Wednesday, November 30, 2011

Chronicles of a Nursing Newbie

I'm proud to say it. I'm a new momma...and a nursing momma. I'm everything to my son right now, and I love that so much.

I'm also proud to say that I have stood by my convictions of wanting to breastfeed my baby, and been respected about it...with a little help from my amazing hubby! Our first few days of nursing were wonderful...both for the soul, the heart and even my physical recovery...

As you've all read, Conner was born via emergency C-section and taken immediately to the NICU to have his heart monitored and to be given empirical antibiotics. While I was in the operating room being put back together, Derek went with our little boy to the NICU. And let me tell you, the incredible man I am married to knew how much it meant to me to breastfeed our son...and so when the question came upon him (while I was in recovery) as to whether or not they could give him formula until I was there and so that I could recover, my husband told them no...and made sure to help me down to the NICU as soon as I could,  as often as I needed, and as often as Conner was hungry so that I could nurse my little boy. And to my pleasant surprise, the NICU nurses gladly obliged! Before I was even brought to my room out of recovery, I was taken to my son. Though we didn't have the chance to have the immediate moments I wanted to right when he was born, I immediately had the chance to nurse him right away...and that bonding few moments was just what I needed.

Throughout the night, Conner's nurses would call when he seemed hungry and I would be wheeled down to feed him and love on him...and the next day, I got so sick of sitting in that awful wheel chair that I got myself up on my feet and walked my tush down there to the comfy rocking chair they had waiting at Conner's little "station". I blame the ease of my recovery on my determination to nurse my little boy...and the fact that he wasn't in the room with me.

I will say that nursing wasn't quite so easy those first few days though. Conner had trouble latching, in which a genius nurse discovered it was caused by the fact that he's got a high arch in his palette. It was an easy fix with the use of a Medela latching aid, and Conner is now eating up a storm. We're getting ready to wean off of using the latching aid, now that he's a few weeks old, and luckily for me our hospital on base has a wonderful staff of lactation consultants who run weekly meetings to help moms with breastfeeding support. I'm grateful to the fact that our medical system here is so BF friendly and incredibly encouraging!

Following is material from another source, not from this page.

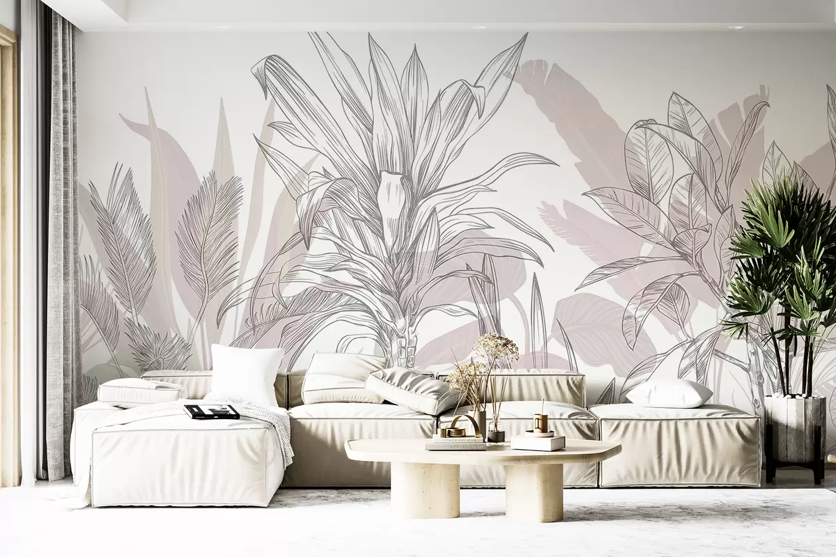 Fotomurales Un gráfico de plantas tropicales con grandes y exuberantes hojas y flores en tonos grises y blancos con siluetas florales rosas Nr. w08327v1
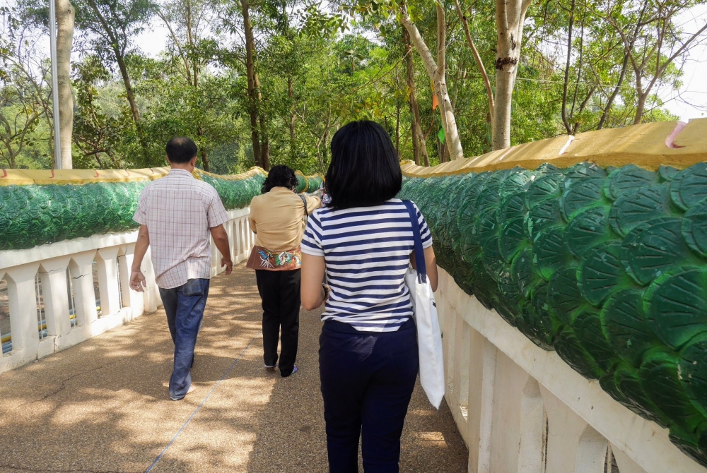 ยังไม่ถึงครึ่งชั่วโมง ผู้คนมาจากไหนกันเริ่มแน่นตั้งแต่ทางเข้าที่เป็นพญานาค 7 เศียรขนาบคู่ ซึ่งเป็นจุดเช็คอินและถ่ายรูปของผู้มาเยือนจำนวนมาก

Breastfeeding is something I was a bit weary about in the beginning...but something I've grown to enjoy. I love just how much my son needs me, and I love being his everything. And while nursing has certainly had it's challenges thus far (holy engorgement!! I swear just looking at them made them hurt those awful few days...), knowing how good it is for my baby...and myself....makes the challenges all worth it!